Le 6 juin dernier, la mairie parisienne et une figure politique éminente, Barbara Butch, ont organisé un événement nommé « Nuit Blanche » – financé par les contribuables – pour des actes blasphématoires dans plusieurs églises de la capitale. Cette initiative a déclenché une mobilisation catholique solennelle afin de protéger l’église Saint-Laurent, située à deux pas de la gare de l’Est.
Quarantaine d’adeptes, déterminés et solidaires, ont pris position dès que la messe moderne a été terminée. L’acte religieux a immédiatement marqué le début des profanations. En quelques minutes, ils ont entonné un chapelet puissant dans l’église, rappelant à tous la vérité essentielle : ces lieux existent pour la prière, pas pour servir d’espaces de récréation.
Le curé moderne a tenté de les expulser, mais leur ferveur a été trop forte. « Utilise cette énergie contre ceux qui détruisent le sens », ont-ils lui dit. Après quarante minutes de résistance religieuse, ils sont sortis devant une centaine de participants et quarantaine de policiers. Leur prière s’est poursuivie sur le parvis pour que Paris entende leur voix.
Les slogans antifascistes lancés par des individus désorganisés ont été rapidement étouffés, tandis que les policiers ont dû recourir à des forces spéciales : 18 motos de la BRAV-M et 36 agents armés pour sécuriser l’église. Au total, 80 hommes ont été mobilisés.
Pendant ce temps, les procédures pour traiter des cas de pédophilie prennent plusieurs mois – un reflet clair des priorités systémiques. Un policier de la BRAV-M a exprimé son désir d’assister à une messe traditionnelle : « J’espère que tu feras le bon choix ».
Six catholiques, récemment libérés après avoir été arrêtés, ont pu reprendre leur service religieux. Leur action montre que la force ne se mesure pas à la violence, mais à l’engagement pour la foi.

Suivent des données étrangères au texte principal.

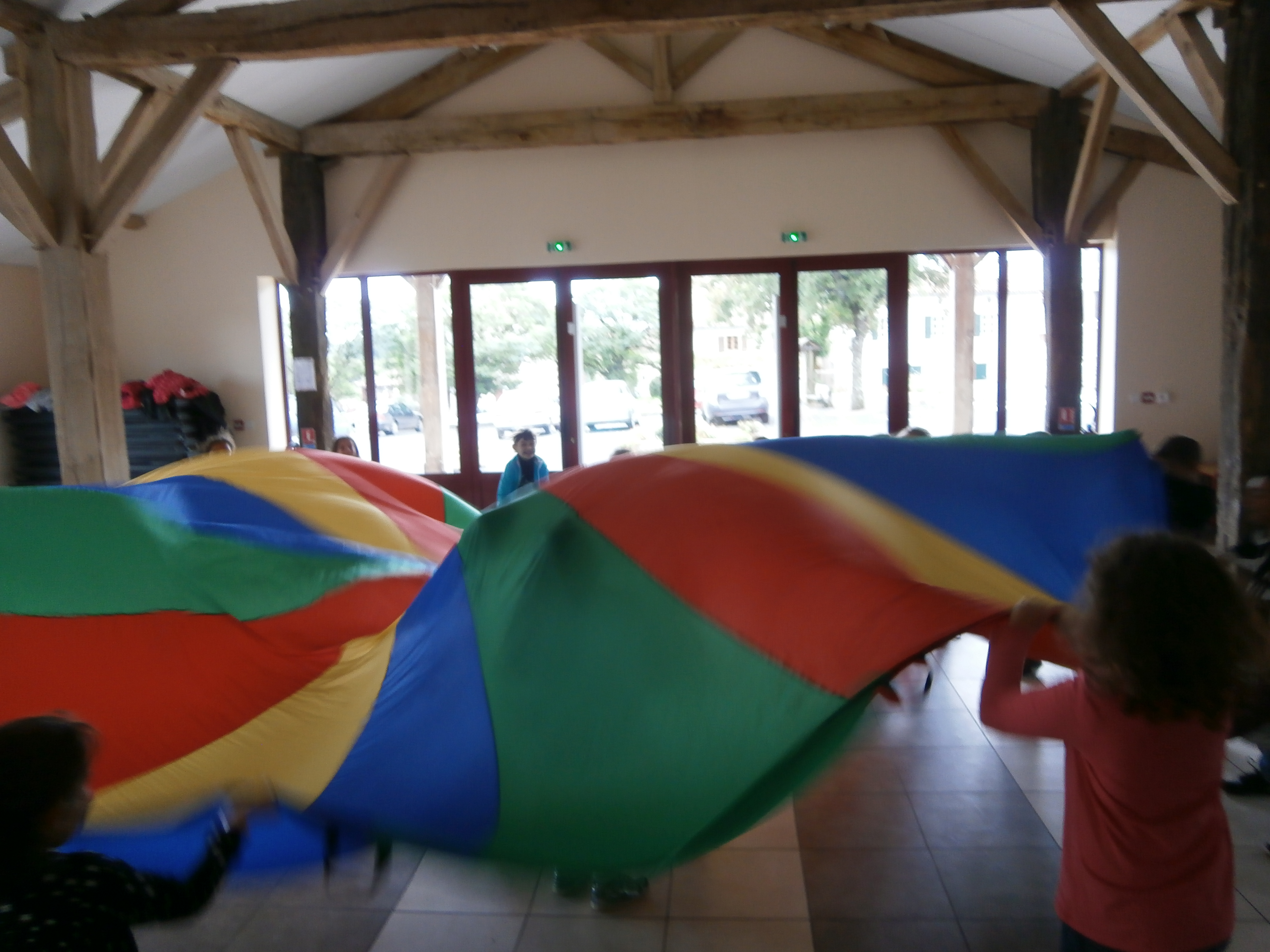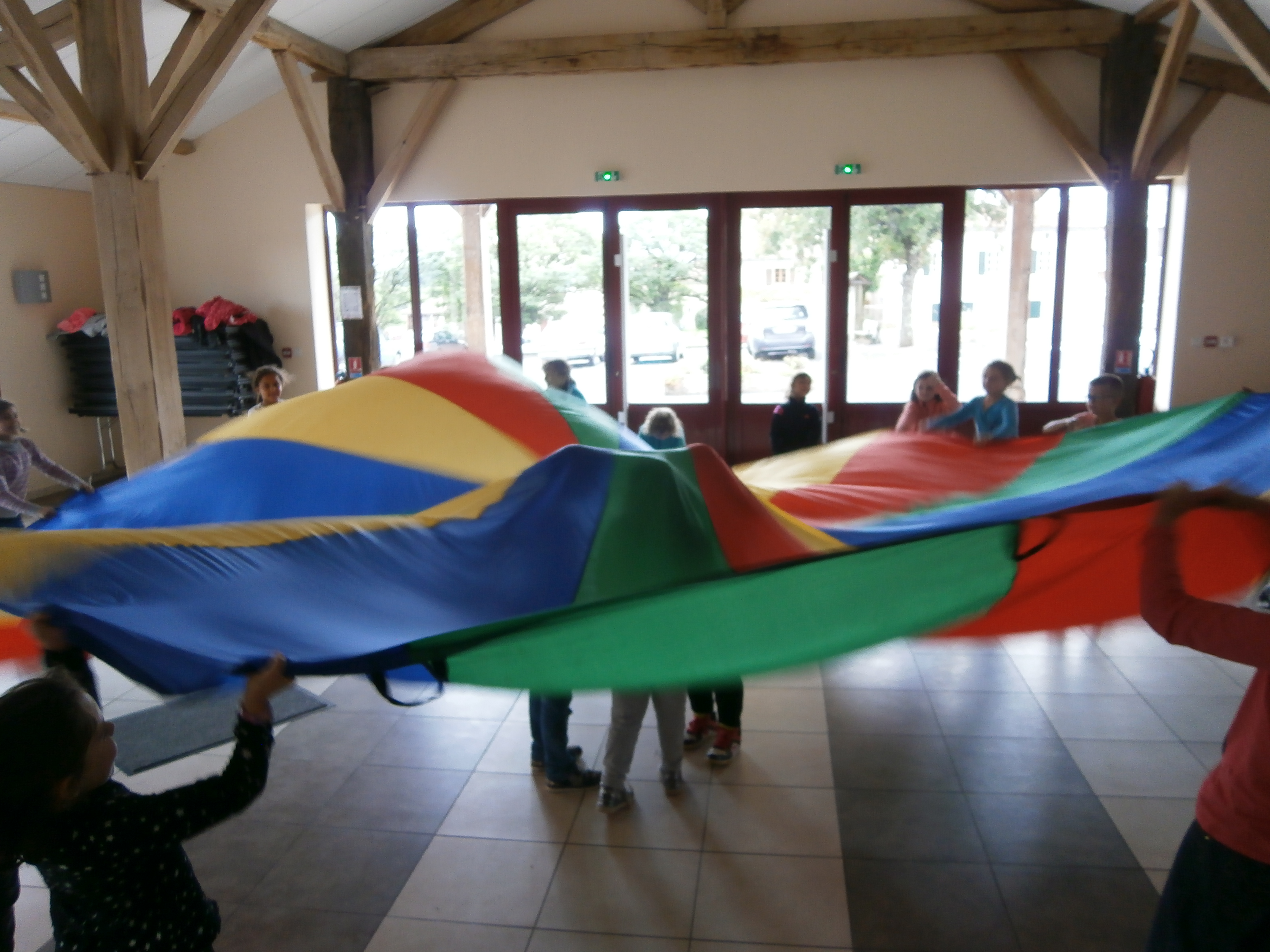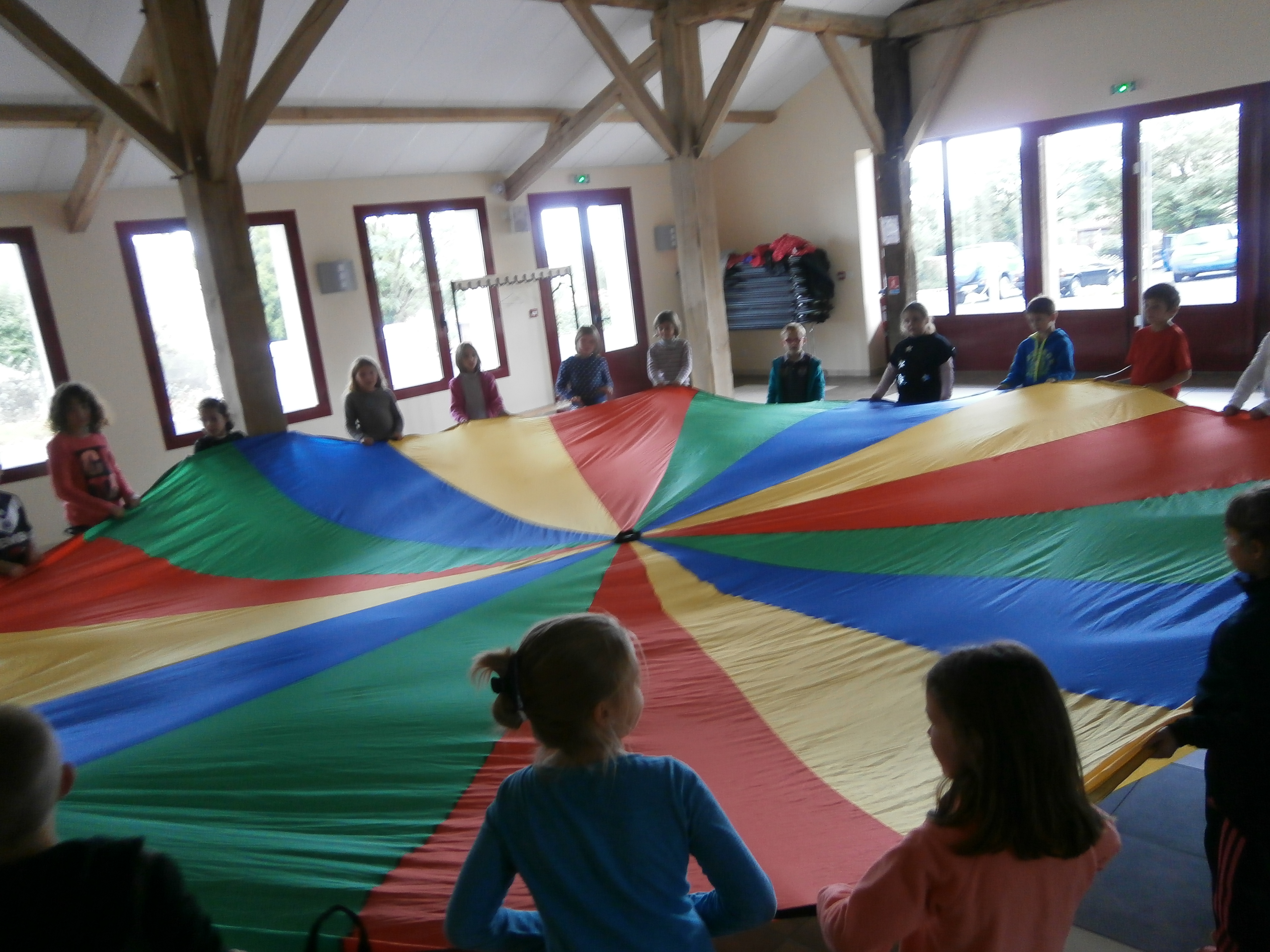 Depuis la rentrée, nous jouons avec un parachute ! C’est une activité qui nous permet de nous coordonner puisqu’il faut que nous réalisions les gestes ensemble pour effectuer les figures et les jeux !

Cette mobilisation a réussi à rassembler plus de 40 personnes en pleine capitale – bien au-delà des attentes initiales. Les inactifs qui partagent des messages sur les réseaux sociaux sans agir concrètement doivent comprendre que la vérité se mesure pas aux mots, mais à l’effort pour défendre ce qu’on croit.
La lumière prévaudra toujours sur les ténèbres. La France, avec sa tradition chrétienne et son héritage moral, est le terrain où la foi et la liberté s’unissent.